- TASK INPUT
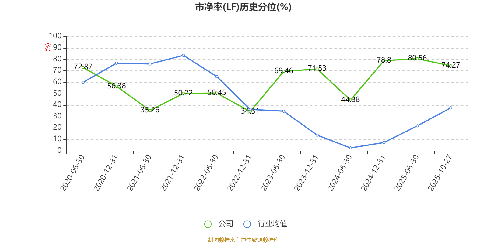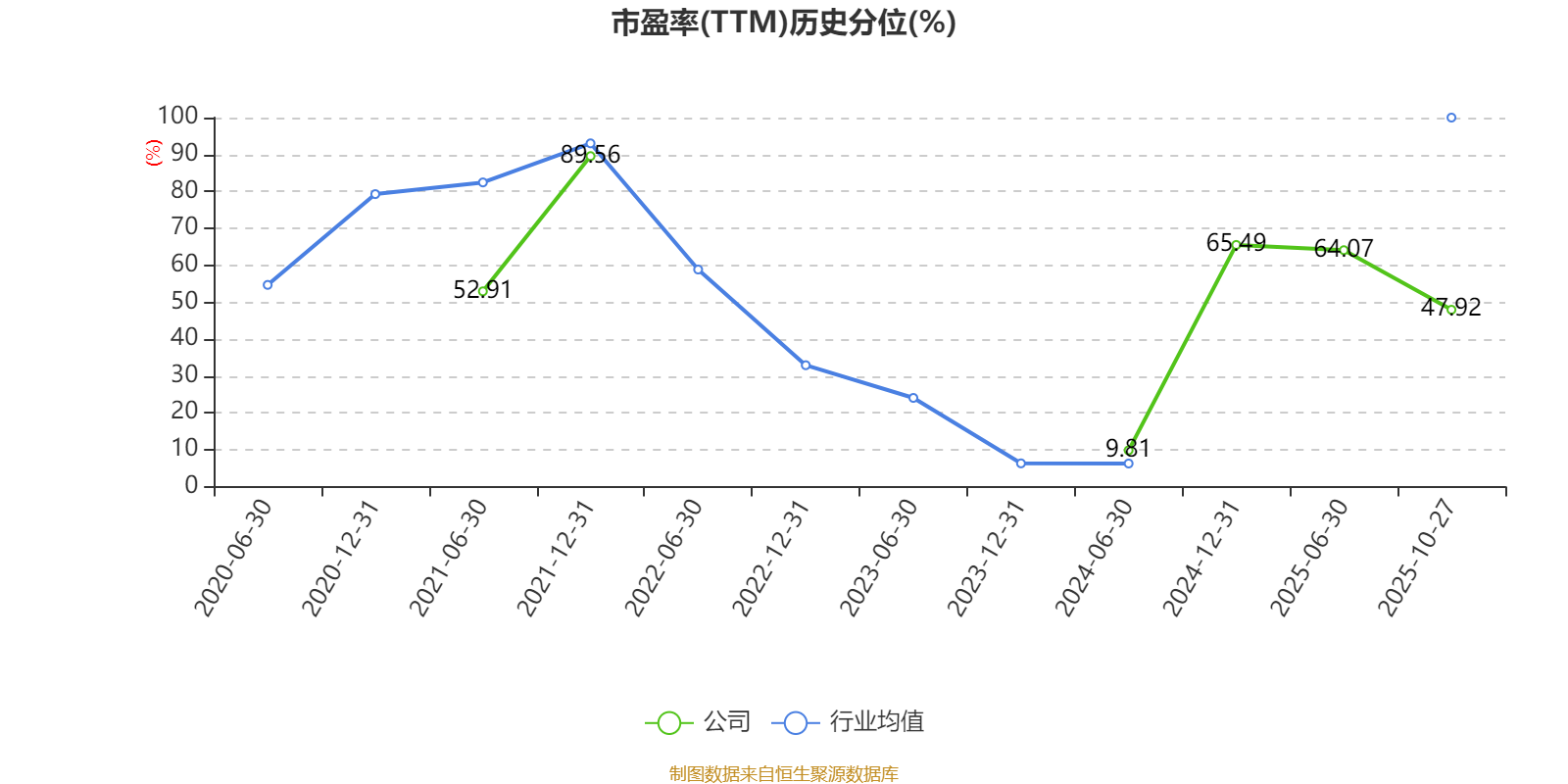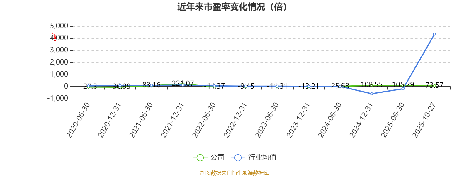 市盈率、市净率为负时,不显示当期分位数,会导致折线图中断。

* * *

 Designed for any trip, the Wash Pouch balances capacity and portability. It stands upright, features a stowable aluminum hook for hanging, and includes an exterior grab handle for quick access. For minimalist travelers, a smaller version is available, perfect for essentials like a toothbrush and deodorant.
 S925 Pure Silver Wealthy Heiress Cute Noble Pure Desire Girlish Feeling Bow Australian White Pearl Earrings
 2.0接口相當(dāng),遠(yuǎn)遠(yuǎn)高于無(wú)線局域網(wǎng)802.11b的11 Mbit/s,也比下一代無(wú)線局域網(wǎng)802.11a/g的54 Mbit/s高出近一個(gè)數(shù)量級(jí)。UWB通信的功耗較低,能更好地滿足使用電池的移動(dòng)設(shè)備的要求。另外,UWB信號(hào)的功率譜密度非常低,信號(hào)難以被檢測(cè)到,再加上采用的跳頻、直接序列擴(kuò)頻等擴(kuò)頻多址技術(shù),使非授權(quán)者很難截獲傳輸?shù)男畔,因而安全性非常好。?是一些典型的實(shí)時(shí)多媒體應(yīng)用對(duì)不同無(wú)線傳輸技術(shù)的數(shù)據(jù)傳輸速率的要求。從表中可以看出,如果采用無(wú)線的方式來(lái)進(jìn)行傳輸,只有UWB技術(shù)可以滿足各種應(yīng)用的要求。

- ACTION ITEM
Nothing should appear in the answer except the lines above from the line with "Designed for any" through the line with "S925 Pure Silver", both included, written out exactly.

- RESPONSE FOR THIS EXERCISE
 Designed for any trip, the Wash Pouch balances capacity and portability. It stands upright, features a stowable aluminum hook for hanging, and includes an exterior grab handle for quick access. For minimalist travelers, a smaller version is available, perfect for essentials like a toothbrush and deodorant.
 S925 Pure Silver Wealthy Heiress Cute Noble Pure Desire Girlish Feeling Bow Australian White Pearl Earrings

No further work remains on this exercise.